WHAT YOU SHOULD DO: Everything in the data gets repeated exactly, except for the pictures.

GIVEN INFORMATION:
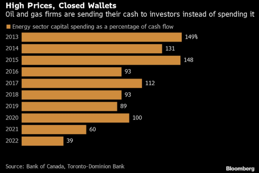 - Nonostante una situazione molto tesa sul mercato del petrolio mondiale, i produttori non aumentano gli investimenti. Il potenziale di investimento è limitato da considerazioni ESG. I dati mostrano che i produttori di petrolio preferiscono distribuire denaro agli azionisti piuttosto che investirlo
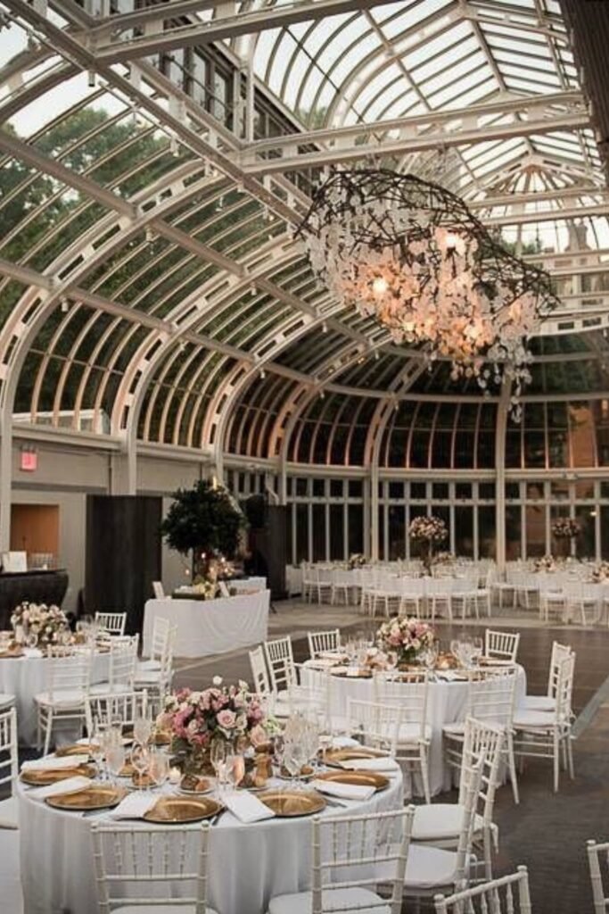 Greenhouse receptions combine structure and nature, giving full climate control while maintaining botanical views and abundant natural daylight.
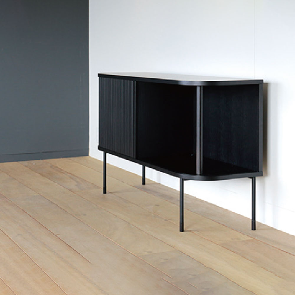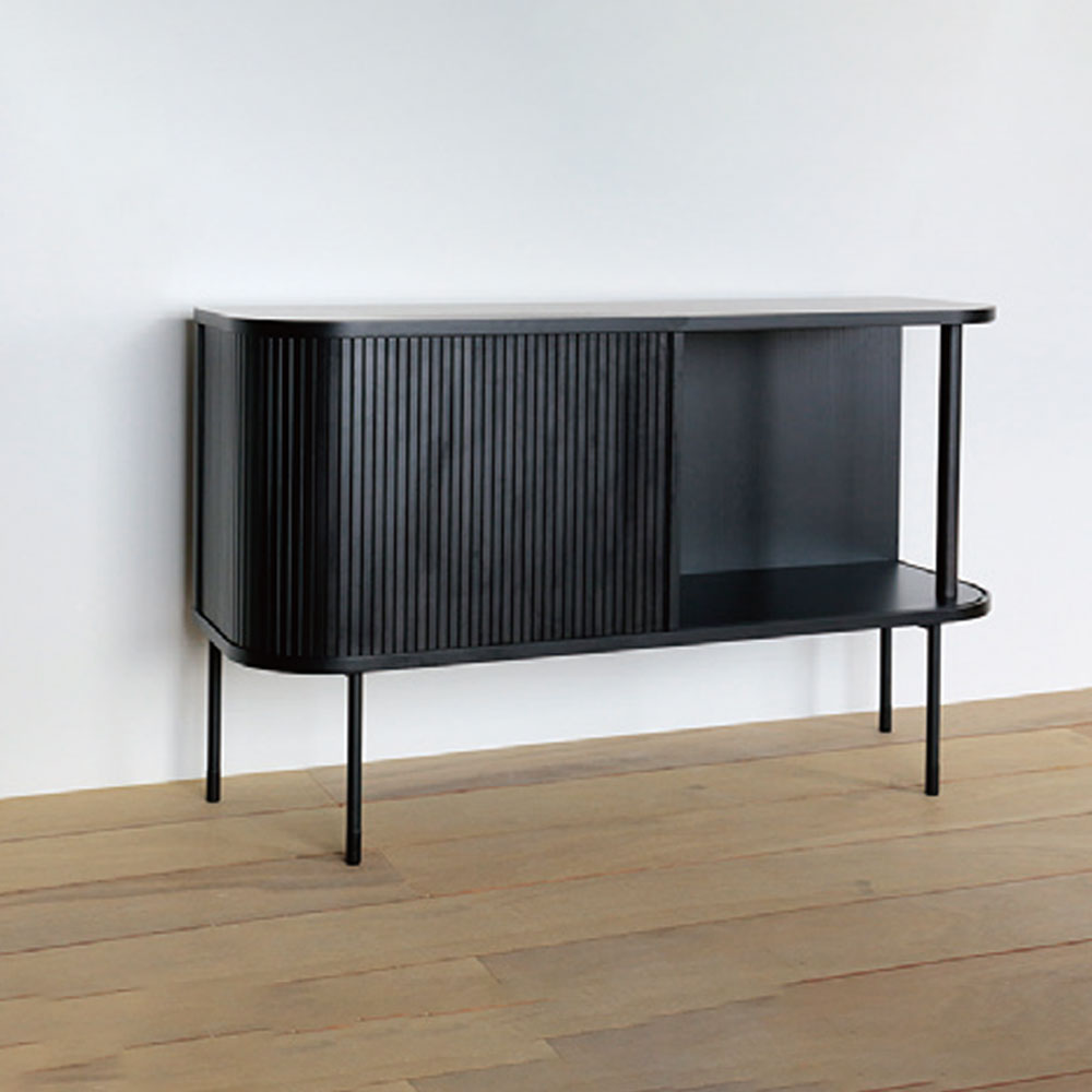 AKI+(アキプラス)オープンチェスト「JYABARA ジャバラ」ロータイプ 高さ72cm オーク材全2色 脚部:サンドブラック【受注生産品】

WRITTEN SOLUTION:
 - Nonostante una situazione molto tesa sul mercato del petrolio mondiale, i produttori non aumentano gli investimenti. Il potenziale di investimento è limitato da considerazioni ESG. I dati mostrano che i produttori di petrolio preferiscono distribuire denaro agli azionisti piuttosto che investirlo
 Greenhouse receptions combine structure and nature, giving full climate control while maintaining botanical views and abundant natural daylight.
 AKI+(アキプラス)オープンチェスト「JYABARA ジャバラ」ロータイプ 高さ72cm オーク材全2色 脚部:サンドブラック【受注生産品】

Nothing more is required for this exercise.